* Task directions
What the answer must contain is every line of the records, exactly, with no pictures.

* Stored data
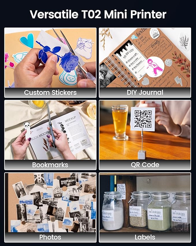 - Instant Monochrome Mini Photo Printer: T02 is not only a sticker printer, but also a thermal photo printer. Enjoy to print your photos and pictures anywhere and anytime with this mini sticker maker machine
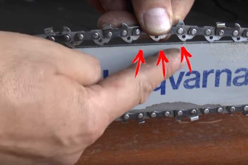 Каждая бензопила нуждается в том, чтобы регулярно осуществлять натяжение цепи. Если это правило не соблюдаются, то последствия могут быть очень травматическими. Большинство пильщиков знает, о чем идет речь, и как надо правильно натягивать или подтягивать цепь. Правильное натяжение режущей гарнитуры — когда при попытке ее оттягивания от шины полностью видны три хвостовика, как показано на фото ниже.
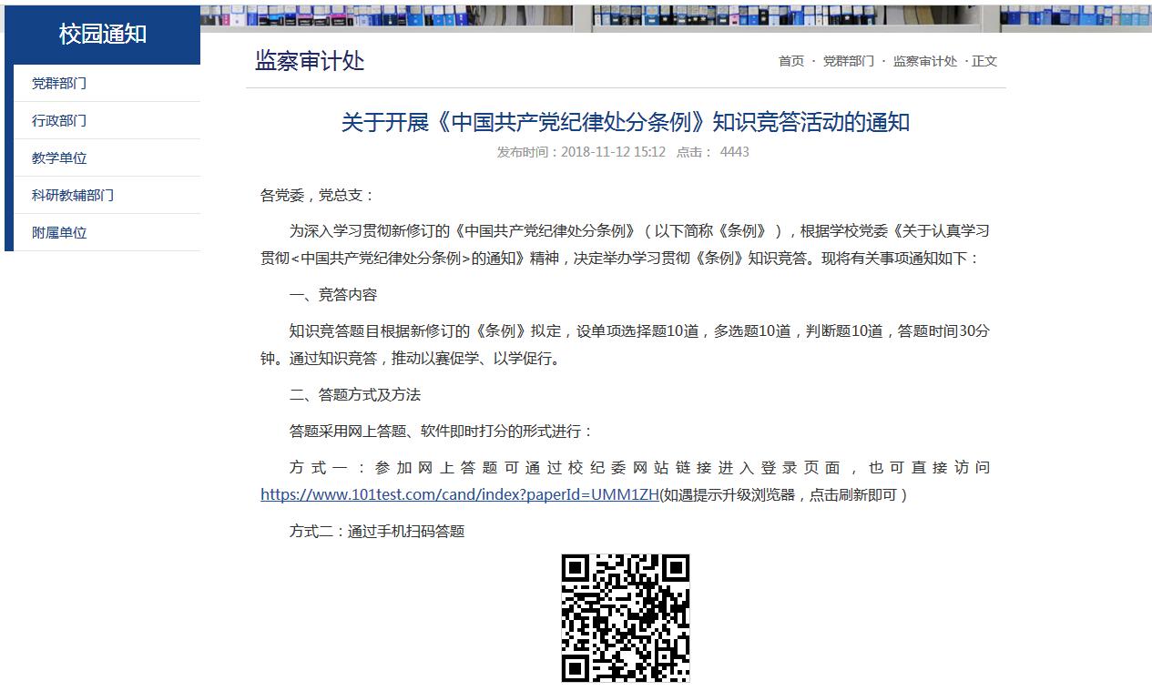 监察审计处为机关科级及以上党员干部发放了新《条例》学习手册。机关各支部积极开展新《条例》专题学习,各单位结合工作实际,围绕新《条例》开展形式多样的学习讨论,并根据实际学习情况,提交了学习报告。2018年11月19日邀请我校纪委副书记、监察审计处处长张明从新《条例》的修订背景、修订主要内容、修订的重大意义三方面进行了深入详细的解读。为确保新《条例》学习取得实效,入脑入心,举办了一次新《条例》知识网上竞答活动,广大师生共870余人积极踊跃参与竞答。最后评出了一、二、三等奖各若干名。
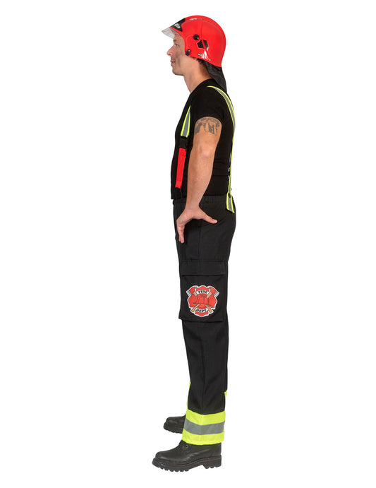 Férfi fekete tűzoltó nadrág nadrágtartóval
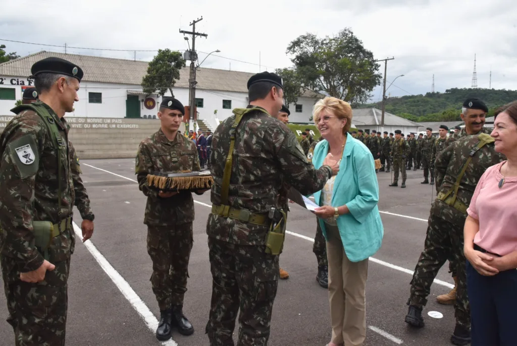 Na manhã desta sexta-feira, 8, o 7º Batalhão de Infantaria Blindado (BIB) realizou, em seu quartel, uma solenidade alusiva ao aniversário de nascimento do General Gomes Carneiro, patrono do 7º BIB, em comemoração aos 182 de criação desta organização militar. Durante o evento, a prefeita de Santa Cruz do Sul, Helena Hermany, junto de outras 34 pessoas, foi agraciada com o Diploma de Amigo do Batalhão, em reconhecimento ao trabalho conjunto de ajuda humanitária realizado durante as enchentes de maio deste ano.
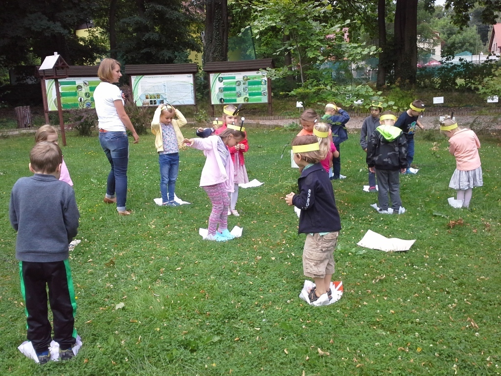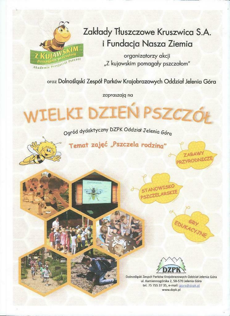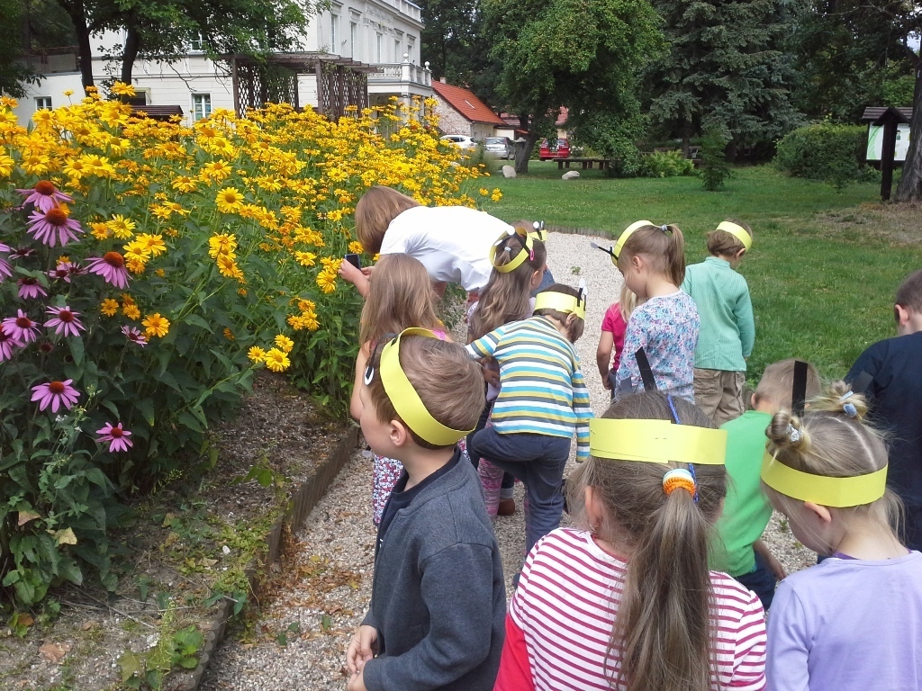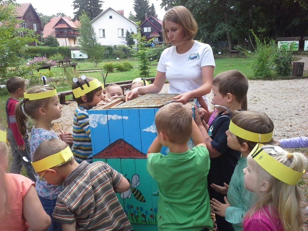 Dnia 29.07.2015 grupy starszak,ów i średniaków wybrały się autobusem miejskim na warsztaty do Dolnośląskiego Zespołu Parków Krajobrazowych w Sobieszowie. Tematem zajęć było życie pszczół. Dowiedzieliśmy się, że niektóre z nich żyją w wielkich rodzinach a niektóre samotnie. Te żyjące w dużych gromadach mieszkają w ulu, a te które żyją same tworzą swoje domki w niewielkich szczelinach drzew i łodygach niektórych kwiatów. Pani prowadząca pokazała nam piękny okaz trzmiela, który też jest pszczołą, a następnie wyszliśmy do ogrodu, gdzie mogliśmy obejrzeć prawdziwy ul i zajrzeć do środka. Aby było w nim więcej mieszkań dla pszczół. Zasadziliśmy w ogrodzie nowe kwiaty, a sami a dla siebie przygotowaliśmy pszczółkowe opaski. Zajęcia były bardzo ciekawe, na koniec każdy otrzymał odznakę pszczelarza.
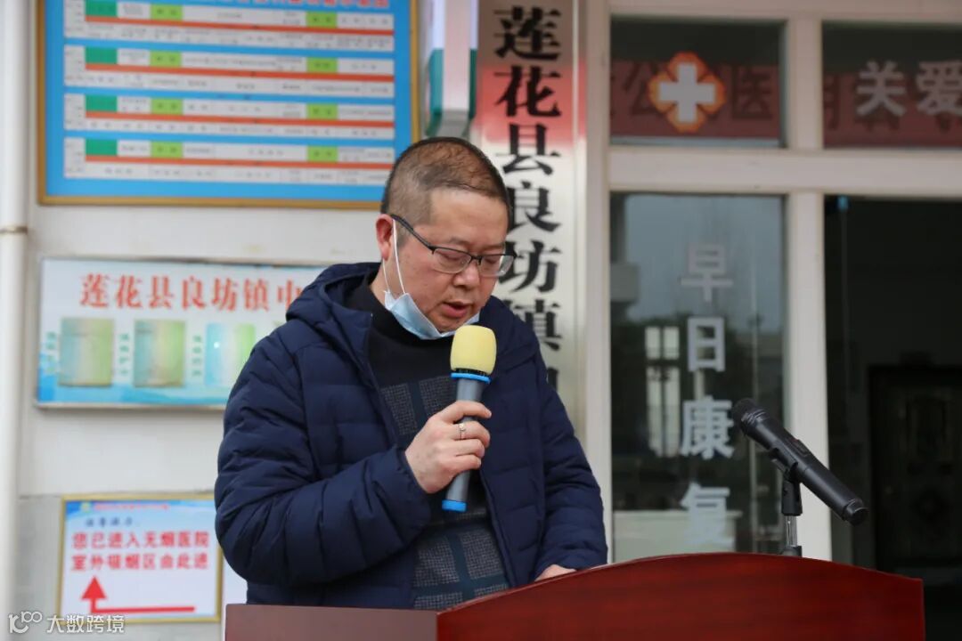 莲花县良坊镇中心卫生院院长李春山代表受赠医院致答谢词,仪式现场还向参加仪式的尘肺病患者发放了氧气袋并讲解了使用方法。
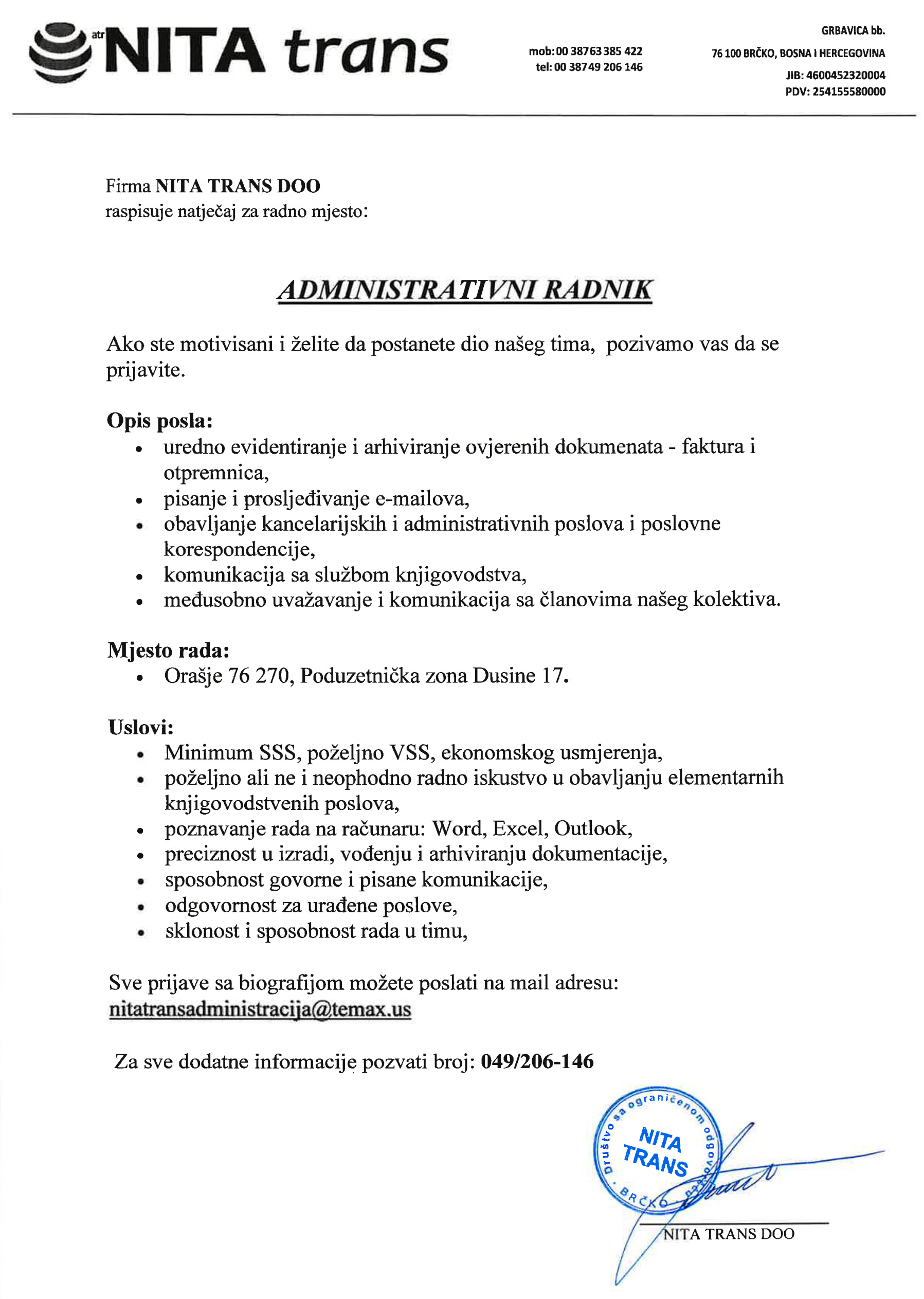 Poslovi 09 Jun,2025 Štampa Poslovi Administrativni radnik Administrativni radnik (1)Nita trans dooBrčko Prethodno Sljedeće
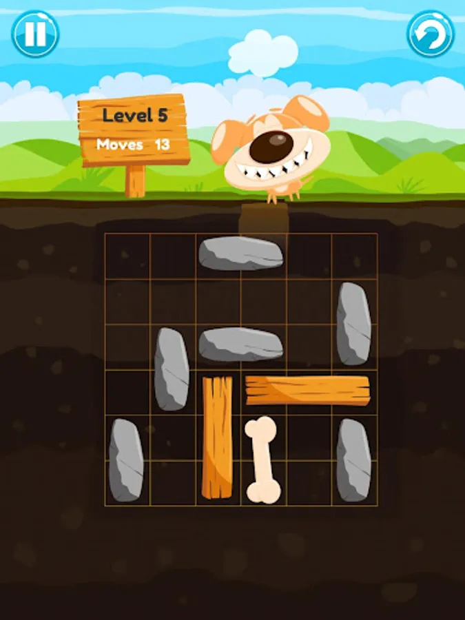 Benny the dog is the true master of hiding his bones. Unfortunately digging them out is a true puzzle. To help Benny you have to unblock the blocking rocks and other elements which create a true brain teaser for all kind of riddle lovers.

* Solution to the exercise
 - Instant Monochrome Mini Photo Printer: T02 is not only a sticker printer, but also a thermal photo printer. Enjoy to print your photos and pictures anywhere and anytime with this mini sticker maker machine
 Каждая бензопила нуждается в том, чтобы регулярно осуществлять натяжение цепи. Если это правило не соблюдаются, то последствия могут быть очень травматическими. Большинство пильщиков знает, о чем идет речь, и как надо правильно натягивать или подтягивать цепь. Правильное натяжение режущей гарнитуры — когда при попытке ее оттягивания от шины полностью видны три хвостовика, как показано на фото ниже.
 监察审计处为机关科级及以上党员干部发放了新《条例》学习手册。机关各支部积极开展新《条例》专题学习,各单位结合工作实际,围绕新《条例》开展形式多样的学习讨论,并根据实际学习情况,提交了学习报告。2018年11月19日邀请我校纪委副书记、监察审计处处长张明从新《条例》的修订背景、修订主要内容、修订的重大意义三方面进行了深入详细的解读。为确保新《条例》学习取得实效,入脑入心,举办了一次新《条例》知识网上竞答活动,广大师生共870余人积极踊跃参与竞答。最后评出了一、二、三等奖各若干名。
 Férfi fekete tűzoltó nadrág nadrágtartóval
 Na manhã desta sexta-feira, 8, o 7º Batalhão de Infantaria Blindado (BIB) realizou, em seu quartel, uma solenidade alusiva ao aniversário de nascimento do General Gomes Carneiro, patrono do 7º BIB, em comemoração aos 182 de criação desta organização militar. Durante o evento, a prefeita de Santa Cruz do Sul, Helena Hermany, junto de outras 34 pessoas, foi agraciada com o Diploma de Amigo do Batalhão, em reconhecimento ao trabalho conjunto de ajuda humanitária realizado durante as enchentes de maio deste ano.
 Dnia 29.07.2015 grupy starszak,ów i średniaków wybrały się autobusem miejskim na warsztaty do Dolnośląskiego Zespołu Parków Krajobrazowych w Sobieszowie. Tematem zajęć było życie pszczół. Dowiedzieliśmy się, że niektóre z nich żyją w wielkich rodzinach a niektóre samotnie. Te żyjące w dużych gromadach mieszkają w ulu, a te które żyją same tworzą swoje domki w niewielkich szczelinach drzew i łodygach niektórych kwiatów. Pani prowadząca pokazała nam piękny okaz trzmiela, który też jest pszczołą, a następnie wyszliśmy do ogrodu, gdzie mogliśmy obejrzeć prawdziwy ul i zajrzeć do środka. Aby było w nim więcej mieszkań dla pszczół. Zasadziliśmy w ogrodzie nowe kwiaty, a sami a dla siebie przygotowaliśmy pszczółkowe opaski. Zajęcia były bardzo ciekawe, na koniec każdy otrzymał odznakę pszczelarza.
 莲花县良坊镇中心卫生院院长李春山代表受赠医院致答谢词,仪式现场还向参加仪式的尘肺病患者发放了氧气袋并讲解了使用方法。
 Poslovi 09 Jun,2025 Štampa Poslovi Administrativni radnik Administrativni radnik (1)Nita trans dooBrčko Prethodno Sljedeće
 Benny the dog is the true master of hiding his bones. Unfortunately digging them out is a true puzzle. To help Benny you have to unblock the blocking rocks and other elements which create a true brain teaser for all kind of riddle lovers.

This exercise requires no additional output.